Elevant ainsi l’élément brut du corps au chant du monde et l’intimité gémellaire au niveau universel, Paul accomplit son processus de sublimation. Et son corps réalise la simplification élémentaire par une disparition et une pénétration dans Les Météores : «‘je suis désormais un drapeau claquant dans le vent (’M, 624)».

Cette scène finale des Météores est chargée d’émotions qui décrivent la création d’un nouveau monde qui réunit l’intérieur et l’extérieur, le monde réel et divin, et qui restaure, en somme, l’unité brisée du monde paradisiaque et mythique. Cette création n’est possible que par la puissance de la pensée, de l’imagination et par le sacrifice qui impose le renoncement au désir corporel.
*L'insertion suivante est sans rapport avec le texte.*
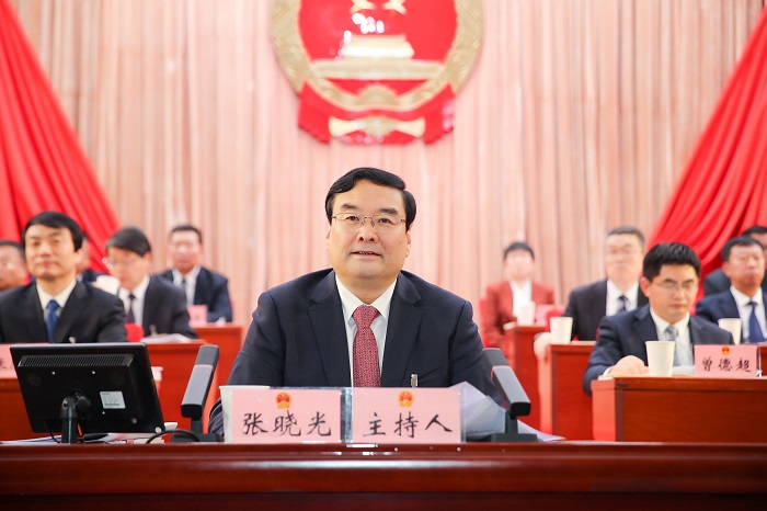 上午9時,張曉光宣布:榆林市第五屆人民代表大會第四次會議開幕。與會人員全體起立,會場響起雄壯的國歌聲,鏗鏘旋律激蕩人心。

Cette aventure de Paul ressemble fortement à celle des artistes face au monde extérieur et à leur propre désir narcissique.

Notes
154.

André Clavel, “Le corps météo”, Sud, hors série, 1980, p. 122.

155.

M. Eliade, Naissances mythiques, Paris, Gallimard, 1976, p. 254.

156.

La distinction de ces trois catégories d’initiation est tirée de l’étude de Simone Vierne, Rite, roman, initiation, Presses Universitaires de Grenoble, 1987, p. 22.

157.

Simone Vierne propose une lecture initiatique de Vendredi ou les limbes du Pacifique dans son livre cité ci-dessus, op, p. 119-127. L’étude d’Arlette Bouloumié, M. Tournier, Le roman mythologique, lie également les trois grands romans de Tournier à la structure initiatique (voir le chapitre de la Rédemption, op, cit., pp. 165-182).

158.

C’est le cas du Roi des Aulnes qui rassemble dans la séquence finale toutes les images qui obsèdent Tiffauges,et de Gilles et Jeanne qui s’achève par la mort finale de Gilles vers laquelle tout le récit s’organise. D.G. Bevan compare cette structure tourniérienne à une « spirale » qui laisse entrevoir constamment ce qui est devant ou derrière (Michel Tournier, op, cit., p. 52).